Until very recently the game of Go was regarded as an insurmountable challenge for AI research, primarily as its branching factor is vastly higher than that for games such as chess and no technique providing a significant advantage over α-β minimax based search was known. Recently the introduction of Monte Carlo Tree Search has seen vast improvements made to computer Go players; the advances have in fact been so significant that even very recently they would have been unthinkable.

If you are already a good Go player (and this is a hard constraint to which I will make no exceptions) then a project may easily be run around reproducing a good level of play. However if you are not a Go player then it is of interest to explore how the new search technique might be applied to other games or other problems.

2. Matlab toolbox for transductive and semi-supervised learning

Matlab is now the default language for the development of machine learning algorithms at the prototyping and research stage (see further projects below) and has a large number of toolboxes consisting of code for particular application areas such as neural networks, signal processing etc.

While there are many toolboxes aimed at supervised learning, the situation for transductive and semi-supervised learning — essentially approaches to learning from a mixture of labelled and unlabelled data — is very different. A project to develop a Matlab toolbox for these algorithms would be extremely useful for applied research in, for instance, the next project in this list.

3. Machine learning for stem cell research

I have an ongoing collaboration with Dr Matt Trotter, who has large quantities of real data related to learning problems in stem cell research. There is potentially an opportunity here to construct projects around many different areas of machine learning.

4. Bayesian learning and margin methods

A somewhat more open ended project. Bayesian inference has seen very significant success in recent years. Its closest competitors are support vector machines and boosting, both of which can be understood in terms of the "margins" that they achieve on training examples. Despite large quantities of theoretical research it is not clear at present how far the margin interpretation goes toward explaining the effectiveness of SVMs and boosting, or to what extend the same ideas can be used in the context of Bayesian learning. Can you construct simulation experiments that clarify matters?

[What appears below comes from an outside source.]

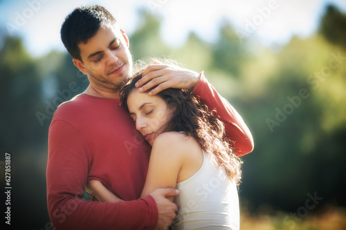 Falling in love. Romantic couple hugging and enjoying in in love in nature outdoor. Love, relationship and romance concept. Girlfriend and boyfriend dating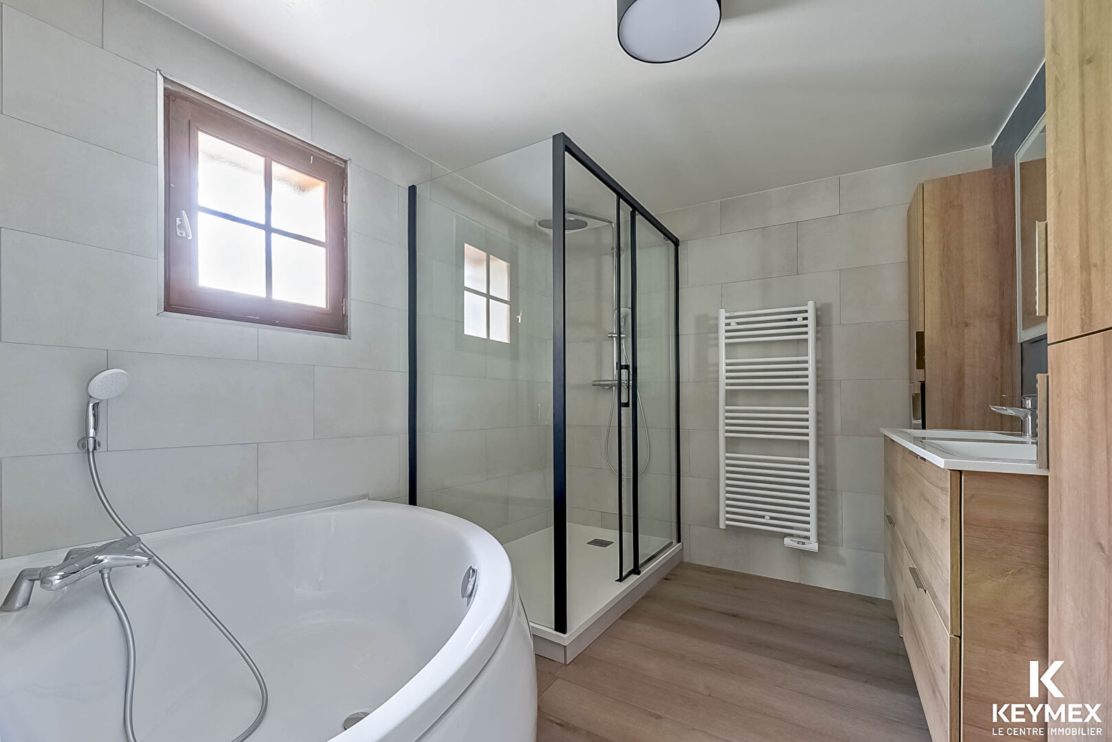Le rez-de-chaussée offre un bel espace de vie traversant, composé d'un séjour double avec véranda intégrée, d'une cuisine moderne et conviviale, ainsi que d'une chambre de plain-pied avec sa salle d'eau privative, un vrai plus pour recevoir ou vivre de plain-pied. Un WC séparé complète ce niveau.

5. Functional programming and machine learning

Traditionally machine learning at the research stage has been implemented in Matlab, and at the later stages in languages such as C and C++. This was initially due to efficiency and familiarity. However the current Glasgow Haskell Compiler can compete well with C in terms of efficiency, and the advantages of functional coding are well-known. This begs the question of the extent to which Haskell might represent a better language for machine learning in the future, compared with imperative and object-oriented languages. There are three projects that immediately come to mind.

Functional linear algebra

Linear algebra has a ubiquitous presence in machine learning. My own investigations in using Haskell have so far implemented linear algebra using the HMatrix library, which is essentially a functional interface to BLAS, LAPACK and other existing libraries written in imperative languages. The advantages of functional programming should apply to linear algebra as to anything else.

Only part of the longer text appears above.